CSF levels of noradrenaline, serotonin, and dopamine metabolites in control-defined BMI quartiles for males and females are shown in Table 3. Analyses of variance with age as covariate gave significant differences for 5-HIAA and for HVA for females and near significance for males. Planned comparisons between quartiles revealed significantly lower 5-HIAA and HVA levels of patients in the lower quartile compared to patients in the upper quartile, both for males (P = .02 and P = .04, resp.) and females (P = .008 and P = .001). No differences were found regarding the noradrenaline metabolite MHPG.

Table 3.

Levels (ng/mL) of noradrenaline (MHPG), serotonin (5-HIAA), and dopamine (HVA) metabolites in CSF of drug-free multiple sclerosis patients, grouped in quartiles according to their body mass index. Quartile limits were defined from BMI of control subjects of the present study, separate for males and for females. Statistical evaluation by analysis of variance with age as covariate.

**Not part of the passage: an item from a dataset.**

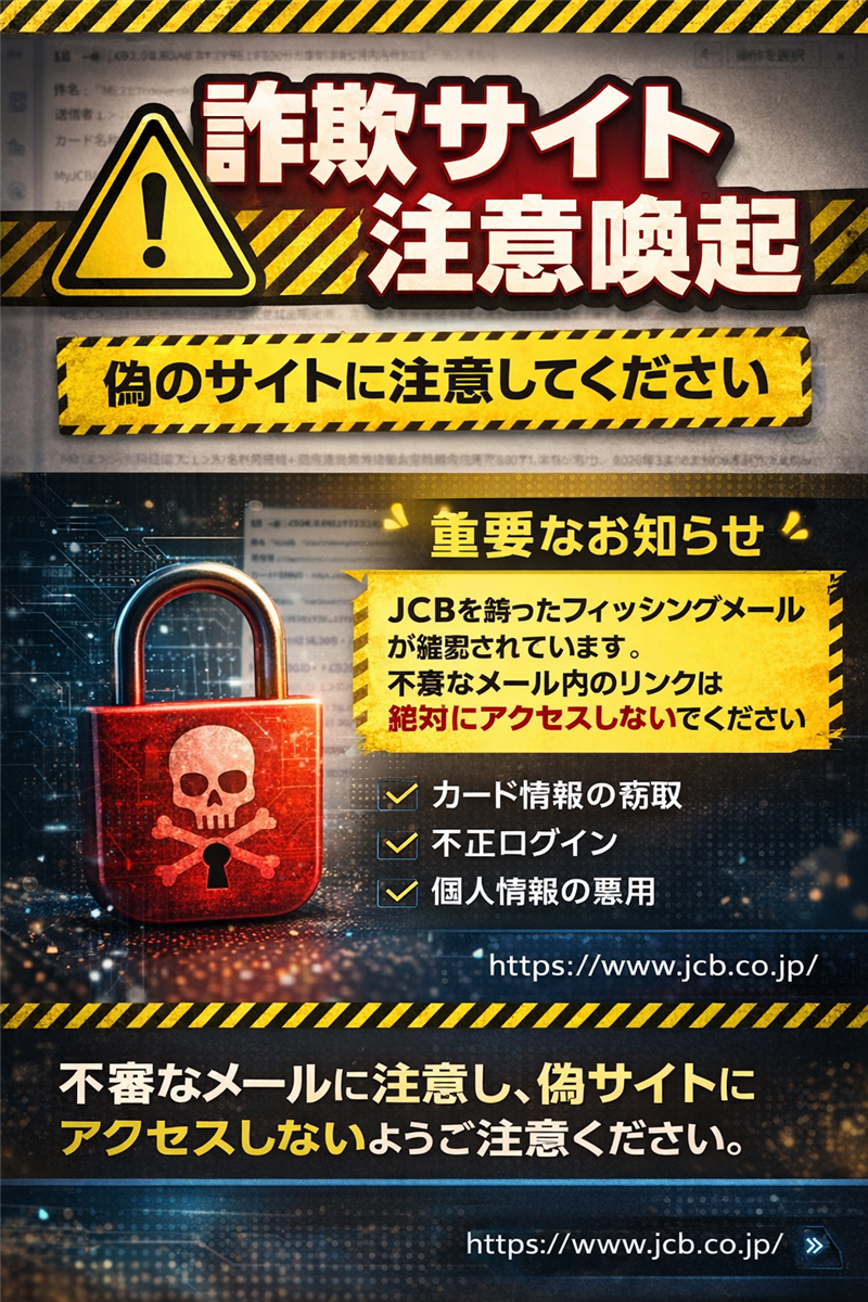 | 詐欺サイトの現状確認 【停止確認済み:詐欺サイトへのアクセス遮断画面】  | | まとめと推奨される対処法 過去のJCB詐欺事例と比較しても、公式サイトの警告文を逆手に取るなど、手口の巧妙化が際立っています。 危険なポイント: * 送信者アドレスが公式を装っているが、通信ヘッダー(Received)が海外サーバー経由である。 * 誘導先のドメインが「jcb.co.jp」ではなく、不審な「.cfd」ドメインである。 対処法: 不審なメールを受け取ったら、本文内のリンクは絶対にクリックせず、ブラウザのブックマークや公式アプリから直接MyJCBへアクセスしてください。 【重要】JCB公式サイトの注意喚起情報を確認する

BMI quartile N BMI Age MHPG 5-HIAA HVA
Male patients
 Lower 23 22.3 ± 1.0 32.2 ± 8.4 6.64 ± 1.85 12.7 ± 5.9 22.6 ± 8.3
 Middle (2nd + 3rd) 46 25.7 ± 1.2 34.8 ± 8.5 6.16 ± 1.97 14.6 ± 7.1 24.7 ± 11.4
 Upper 14 30.4 ± 2.2 32.7 ± 5.2 6.83 ± 2.68 15.4 ± 10.5 26.0 ± 12.9
F (2, 79) 0.67 0.76 0.54
P .52 .47 .58
Female patients
 Lower 77 19.9 ± 1.3 32.2 ± 7.9 6.37 ± 1.84 15.6 ± 5.6 25.8 ± 9.1
 Middle (2nd + 3rd) 79 24.2 ± 1.6 36.6 ± 9.8 6.69 ± 1.93 18.3 ± 7.9 31.3 ± 11.6
 Upper 21 33.8 ± 4.4 38.9 ± 11.0 7.08 ± 2.25 21.5 ± 5.9 36.6 ± 16.1
F (2, 173) 0.85 5.05 9.50
P .43 .007 .0001
 Lower versus upper, P .21 .003 .0001

4. Discussion

For the female patient population, significantly lower BMI was found compared to that of sex and age matched controls. BMI was not related to duration of disease or EDSS score, but the fact that the difference from controls was not significant for subjects with CIS indicates that lower BMI is not present at disease onset but develops later, during disease progression. This highly significant difference (P < .005) in BMI is the result of higher than expected—compared to controls—numbers of patients with lower weight and also with greater height. For male patients, the difference in BMI was not significant. There was, however, a shift towards greater body height in patients compared to controls.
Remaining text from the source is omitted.